Former Trustee Houghton “Buck” Freeman ’43, creator and benefactor of the Freeman Asian Scholars Program and founder of the Freeman Foundation, passed away this week in Stowe, Vermont at the age of 89. Freeman’s numerous contributions to the University, including a $5 million gift in the 1980s that funded construction of the Bacon Field House and the new pool in the Freeman Athletic Center, made him the largest donor in Wesleyan’s history.

“Our hearts go out to his entire family, and especially to his wife Doreen and his son Graeme, both of whom I have had the privilege of getting to know over the last few years,” wrote President Michael Roth in an e-mail to the community. “We have lost a devoted friend and mentor, but Buck Freeman has left an enduring legacy at Wesleyan and around the world. We will cherish his memory.”

Born in Shanghai to Mary Houghton and AIG co-founder Mansfield Freeman ’16, Buck Freeman was fluent in Mandarin and became the first Wesleyan student to earn a degree in Japanese. As a student, he played on the undefeated 1940 Wesleyan soccer team, and became captain of the 1946 team after serving in the Navy during World War II.

Even after joining AIG, Freeman remained an active member of the Wesleyan community.

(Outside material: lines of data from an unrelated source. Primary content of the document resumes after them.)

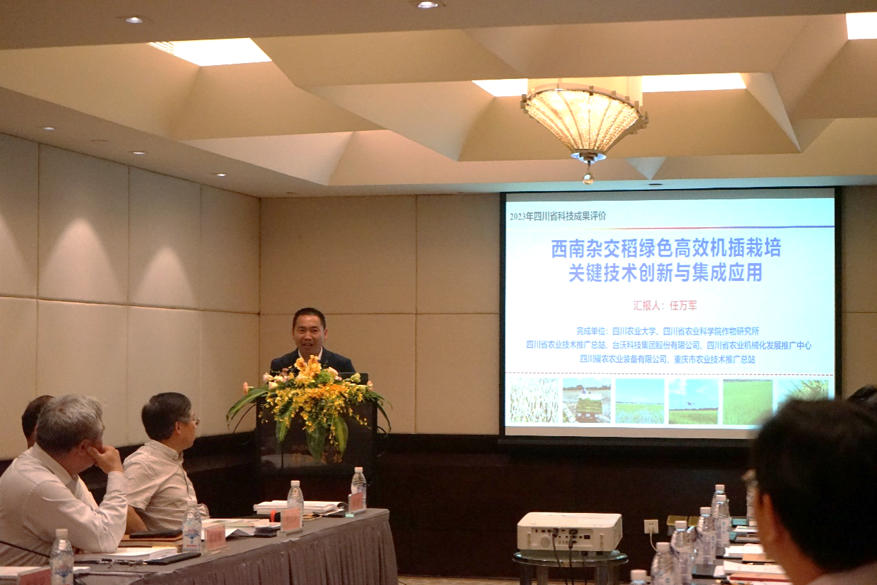 4月21日,四川省农村科技发展中心组织专家对ok138cn太阳集团529任万军教授牵头完成的“西南杂交稻高产高效机插栽培关键技术创新与集成应用”科技成果进行了评价。成果评价专家组由中国工程院院士张洪程任组长,中国科学院院士谢华安和中国工程院院士陈温福任副组长,中国水稻研究所程式华研究员、西南大学何光华教授、中科院成都生物研究所余懋群研究员、四川省机械研究设计院副总工程师廖功磊研究员任评价专家成员。省农业农村厅科教处处长陈开勇、种植业与农药肥料处处长刘代银出席会议,四川省政府参事任光俊、省农科院副院长刘永红等参加了本次评审会。ok138cn太阳集团529副校长刘登才出席并致辞,科技处处长曾维忠以及成果的主要完成人参加了会议。会议由四川省农村科技发展中心主任王敬东主持。
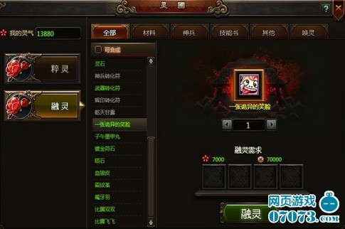 粹灵可以从不需要的道具身上粹取灵气,融灵则通过消耗灵气以及部分材料,来获得新的物品。
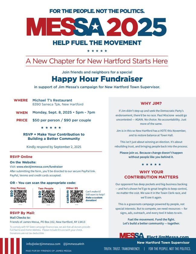 RSVP Here by Tuesday, Sept. 2: https://electjimmessa.com/fundraiser

“When his offices were in New York City, he would sneak up to Middletown for key soccer games,” Roth wrote. “On Commencement Weekend, one of his great pleasures was to attend the Phi Beta Kappa initiation of “his” Scholars. On his many travels Buck enjoyed meeting with Freeman alumni and interviewing potential new students.”

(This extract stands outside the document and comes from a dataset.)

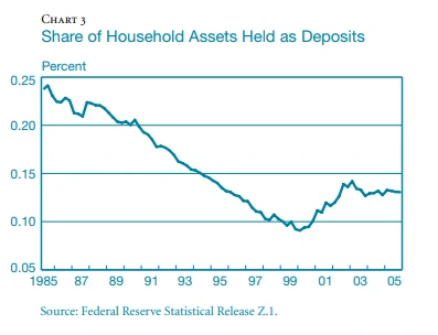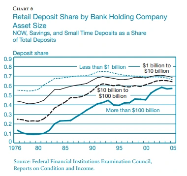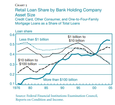 측정기간의 개인 대출 포지션의 증가는 전적으로 자산이 100억 달러를 초과하는 은행, 특히 이 그룹에서 가장 큰 은행에 의해 주도되었다. 자산이 1,000억 달러를 초과하는 은행의 소매 대출 점유율은 1999년 38%에서 2005년 말 거의 55%로 증가했다. 이와 대조적으로, 중소 지주 회사의 소매 대출 점유율은 실제로 같은 기간 동안 감소했습니다. 결과적으로, 큰 은행들은 작은 은행들보다 소매 대출의 더 높은 비율을 가지며 클수록 이익도 커진다라는 확신을 미국은행들이 사이에 갖게 된 거 같다.
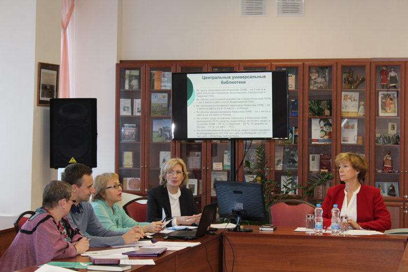 Заведующая отделом организационно-методической и образовательной деятельности Г. А. Долотина представила сравнительный анализ основных показателей деятельности библиотек системы министерства культуры РФ по России и Рязанской области за 2017 год: информацию о документообеспеченности библиотек, их внебюджетном финансировании, оснащенности техническими средствами, о доли молодежи и детей в структуре пользователей и другие данные.

The Freeman Asian Scholars Program, which was established in 1995 through the Freeman Foundation, has provided full scholarships to more than 300 students from Asia. Classes graduating before 2013 have 22 scholars, while the class of 2013 and onward have 11 scholars.

“The Freemans’ objective is to promote cross-cultural understanding between the United States and the countries of East Asia,” Roth wrote. “Buck especially valued the affirmative culture of Wesleyan that provided a supportive context for Asian students far from home. By any measure, the Freeman Scholars Program has had a profound effect on Wesleyan, and on the many Freeman scholars who care deeply about the future of their own countries.”

With the exception of the past two years, Freeman regularly attended a fall dinner welcoming new Scholars and met with current students and alumni involved in the program. For many beneficiaries of the program, Freeman made an impression they will not soon forget.

“He’s practically the reason that any of the scholars are here,” said Mita Sugeng ’13, a Freeman scholar from Indonesia. “He let us dream, he made that a possibility for so many of us. He had the ability to see the good in everyone, and to encourage you to work on your potential to become a better person. He changed lives… and countries, when you think about it.”